Однако особый интерес представляют рассказы А.И. Куприна, где именно хронотоп трактира является сюжето- и смыслообразующим: это «Трус» (1902), «Жидовка» (1904) и «Гамбринус» (1907).
Герой рассказа «Трус» старый Герш Цирельман, легко перевоплощается в ветхозаветного пророка во внутреннем замкнутом пространстве «винного погреба Айзика Рубинштейна». Игра Цирельмана раздвигает, точнее, уничтожает пространство погреба, под «низкими сводами» и «закопченным потолком» которого легко умещаются «и пустынная улица, озаренная луной, и белый домик с каменной оградой, и резкие, черные тени деревьев на земле и на стенах» [Куприн, 1971, т. 3, с. 221].
Вместе с тем трудно сказать, следствие ли это таланта Цирельмана, «пустого, ни к чему не способного человека, представителя презираемой профессии, старого пьяницы, которого из-за его порока не держали ни в одной труппе» [Там же, с. 223], или же «пылкого восточного воображения посетителей» погреба, где подают вино, настоянное на «табаке пополам с беленою». Важно другое: игра Ци-рельмана, «представлявшая собою нечто вроде еврейского "Короля Лира"» [Там же, с. 222], построена на знаковой оппозиции Дорога - Дом и безуспешной попытке обретения героем последнего.
Движение самого Цирельмана - это перемещение от внутреннего, замкнутого, пространства к внешнему, разомкнутому, и обратно.
Внешнее, разомкнутое, пространство «безлюдной, пустынной улицы», «широкой почтовой дороги», «пологого берега реки» вырывает Цирельмана «из границ обычной, прочной и спокойной жизни», обрекает «на неведомое, полное ужаса существование» и фактически уничтожает его.

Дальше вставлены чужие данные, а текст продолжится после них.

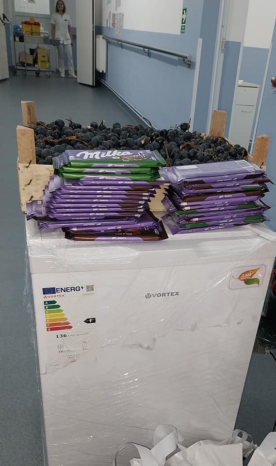 În pragul sărbătorilor de iarnă, bolnavii internați la Secția de Oncologie a Spitalului Județean au primit fructe și dulciuri din partea unei foste paciente. De asemenea, aceasta a achiziționat și un frigider, pe care l-a donat Secției Oncologie.
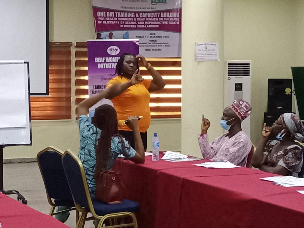 To this end, the Deaf Women Aloud Initiative (DWAI) has organized a one day Training and Capacity Building for Health Workers and Deaf Women on the Usage of Glossary for Sexual Reproductive Health in Nigeria Sign Language to address the communication gap between them in accessing health services in hospital’s across the country.

Не случайно третья и четвертая части рассказа насыщены словами, обозначающими рубеж, границу1: окно, крыльцо, лестница, калитка, ограда, изгородь, край леса, берег реки, плотина. Своеобразными границами выступают и три знаковых топоса: церковь, кладбище, выгон. Эпитеты странный, тревожный, скучно, напряженно и томительно-долго, необычайный, болезненный, неизвестный и ужасный, мертвый, слепые усиливают ощущение надвигающейся опасности.
За каждой границей возникает «новая для Цирельмана, грозная, стерегущая жизнь», новое пространство, грозящее опасностью, а освоение его требует от героя значительных внешних и внутренних усилий. «Когда Цирельман вышел, наконец, на крыльцо, он не узнал ни своего дома, ни безлюдной, пустынной улицы. Все стало иным, новым, все точно притаилось и выжидательно подглядывало за дрожащим от холода и от страха человеком» [Там же, с. 231].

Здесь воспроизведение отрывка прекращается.